▶ **EXERCISE DATA**

[Start of section]

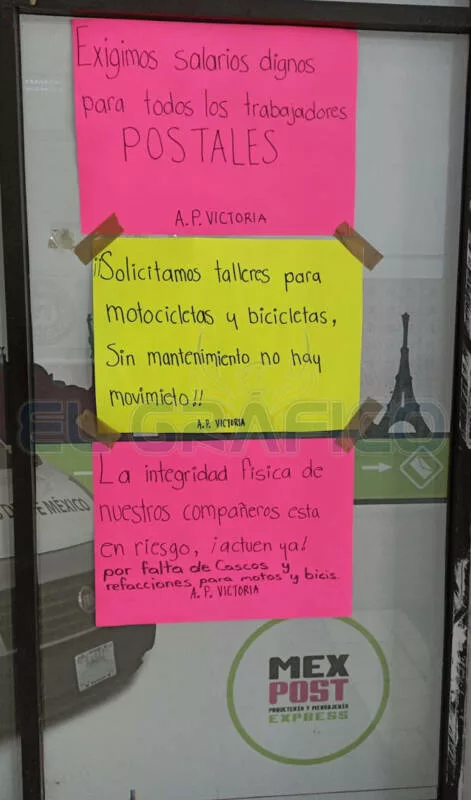 Los mensajes, firmados por la agrupación A.P. Victoria, exigen respeto al contrato colectivo de trabajo, cascos, uniformes, refacciones para motocicletas y bicicletas, así como talleres de mantenimiento. “Sin mantenimiento no hay movimiento”, se lee en uno de los carteles.
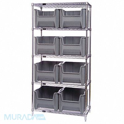 F1591 Bin Shelving Bin Style Hang and Stack Bin Material Polypropylene (8) 12 7/16 in x 19 7/8 in x 15 1/4 in Bin HxWxD Bin Height 12 7/16 in Bin Front Type Open Bin Depth 15 1/4 in Bin Color Blue Frame Material Steel NSF Frame Color Gray Chrome Includes Bins Yes Bin Width 19 7/8 in Includes QGH700BL Load Capacity per Shelf 160 lb Number of Bins 8 Number of Shelves 5 Number of Usable Sides 1 Overall Depth 18 in Overall Height 74 in Overall Width 42 in Chrome Shelf Finish
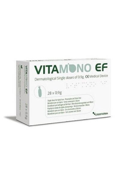VITAMONO EF è un Dispositivo Medico per uso cutaneo a base di vitamina E, vitamina F e Taurina. VITAMONO EF si presenta come lipogel anidro ed è indicato per la stabilizzazione e il ripristino della funzione fisiologica della barriera lipidica cutanea superficiale. La vitamina E in forma libera (non esterificata) comprende due classi di composti: i Tocoferoli e i Tocotrienoli, di cui, questi ultimi, sono presenti in concentrazione più elevata nel dispositivo VITAMONO EF. I Tocotrienoli, presenti quindi sul film lipidico che si forma attraverso l’applicazione di VITAMONO EF sulla superficie della cute integra, favoriscono le difese fisiologiche naturali dei tessuti cutanei nei confronti degli insulti provocati da agenti esterni quali raggi solari, foto danneggiamento, aggressione da agenti chimici e inquinamento e facilitano i processi riparativi. Consentono quindi la prevenzioni delle alterazioni cutanee e dei danni ossidativi coadiuvando il trattamento della sintomatologia associata a stati infiammatori della cute e delle mucose. La vitamina F (acidi grassi essenziali Omega 3 ed Omega 6) fornisce un apporto fisiologico di costituenti essenziali della membrana cellulare, potenziando così l’azione protettiva del film cutaneo di superficie e favorendo, di conseguenza, una corretta cheratinizzazione cutanea. La Taurina svolge un ruolo importante nella foto protezione in particolare nei confronti dei danni ossidativi al collagene e, in combinazione con la vitamina E, è importante nel mantenimento della funzione della barriera cutanea. In VITAMONO EF è presente anche il Sincrofill, componente non siliconico che garantisce stabilità alla vitamina E in forma libera e, grazie all’assenza di acqua, permette il confezionamento e l’utilizzo del prodotto in monodosi, totalmente biodegradabili e compostabili. Poiché non contiene coloranti, conservanti e profumi, e in relazione alla sua elevata biocompatibilità, VITAMONO EF garantisce un’ottima tollerabilità su pelli sensibili e grazie all'assenza di siliconi e sostanze a nota capacità sensibilizzante può essere applicato anche sul contorno occhi.
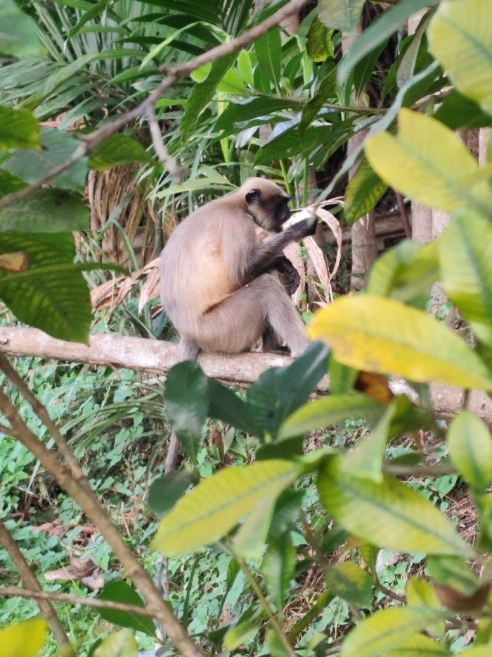 An adult Gray Langur (Semnopithecus entellus) is depicted sitting on a substantial horizontal tree branch in Querim, India. The monkey exhibits light tan fur on its torso and limbs, with a distinct black face. It is actively manipulating and consuming a pale, elongated food item with its left hand, while its right hand rests near the object. The surrounding environment is characterized by dense, varied green foliage, including broad leaves and smaller, lighter green leaves, creating a lush, natural setting. Blurred branches and leaves partially frame the subject in the foreground.

[End of section]

▶ **INSTRUCTIONS FOR THE TASK**
Reproduce the full listing verbatim so that only the pictures are missing.

▶ **RESPONSE**
 Los mensajes, firmados por la agrupación A.P. Victoria, exigen respeto al contrato colectivo de trabajo, cascos, uniformes, refacciones para motocicletas y bicicletas, así como talleres de mantenimiento. “Sin mantenimiento no hay movimiento”, se lee en uno de los carteles.
 F1591 Bin Shelving Bin Style Hang and Stack Bin Material Polypropylene (8) 12 7/16 in x 19 7/8 in x 15 1/4 in Bin HxWxD Bin Height 12 7/16 in Bin Front Type Open Bin Depth 15 1/4 in Bin Color Blue Frame Material Steel NSF Frame Color Gray Chrome Includes Bins Yes Bin Width 19 7/8 in Includes QGH700BL Load Capacity per Shelf 160 lb Number of Bins 8 Number of Shelves 5 Number of Usable Sides 1 Overall Depth 18 in Overall Height 74 in Overall Width 42 in Chrome Shelf Finish
VITAMONO EF è un Dispositivo Medico per uso cutaneo a base di vitamina E, vitamina F e Taurina. VITAMONO EF si presenta come lipogel anidro ed è indicato per la stabilizzazione e il ripristino della funzione fisiologica della barriera lipidica cutanea superficiale. La vitamina E in forma libera (non esterificata) comprende due classi di composti: i Tocoferoli e i Tocotrienoli, di cui, questi ultimi, sono presenti in concentrazione più elevata nel dispositivo VITAMONO EF. I Tocotrienoli, presenti quindi sul film lipidico che si forma attraverso l’applicazione di VITAMONO EF sulla superficie della cute integra, favoriscono le difese fisiologiche naturali dei tessuti cutanei nei confronti degli insulti provocati da agenti esterni quali raggi solari, foto danneggiamento, aggressione da agenti chimici e inquinamento e facilitano i processi riparativi. Consentono quindi la prevenzioni delle alterazioni cutanee e dei danni ossidativi coadiuvando il trattamento della sintomatologia associata a stati infiammatori della cute e delle mucose. La vitamina F (acidi grassi essenziali Omega 3 ed Omega 6) fornisce un apporto fisiologico di costituenti essenziali della membrana cellulare, potenziando così l’azione protettiva del film cutaneo di superficie e favorendo, di conseguenza, una corretta cheratinizzazione cutanea. La Taurina svolge un ruolo importante nella foto protezione in particolare nei confronti dei danni ossidativi al collagene e, in combinazione con la vitamina E, è importante nel mantenimento della funzione della barriera cutanea. In VITAMONO EF è presente anche il Sincrofill, componente non siliconico che garantisce stabilità alla vitamina E in forma libera e, grazie all’assenza di acqua, permette il confezionamento e l’utilizzo del prodotto in monodosi, totalmente biodegradabili e compostabili. Poiché non contiene coloranti, conservanti e profumi, e in relazione alla sua elevata biocompatibilità, VITAMONO EF garantisce un’ottima tollerabilità su pelli sensibili e grazie all'assenza di siliconi e sostanze a nota capacità sensibilizzante può essere applicato anche sul contorno occhi.
 An adult Gray Langur (Semnopithecus entellus) is depicted sitting on a substantial horizontal tree branch in Querim, India. The monkey exhibits light tan fur on its torso and limbs, with a distinct black face. It is actively manipulating and consuming a pale, elongated food item with its left hand, while its right hand rests near the object. The surrounding environment is characterized by dense, varied green foliage, including broad leaves and smaller, lighter green leaves, creating a lush, natural setting. Blurred branches and leaves partially frame the subject in the foreground.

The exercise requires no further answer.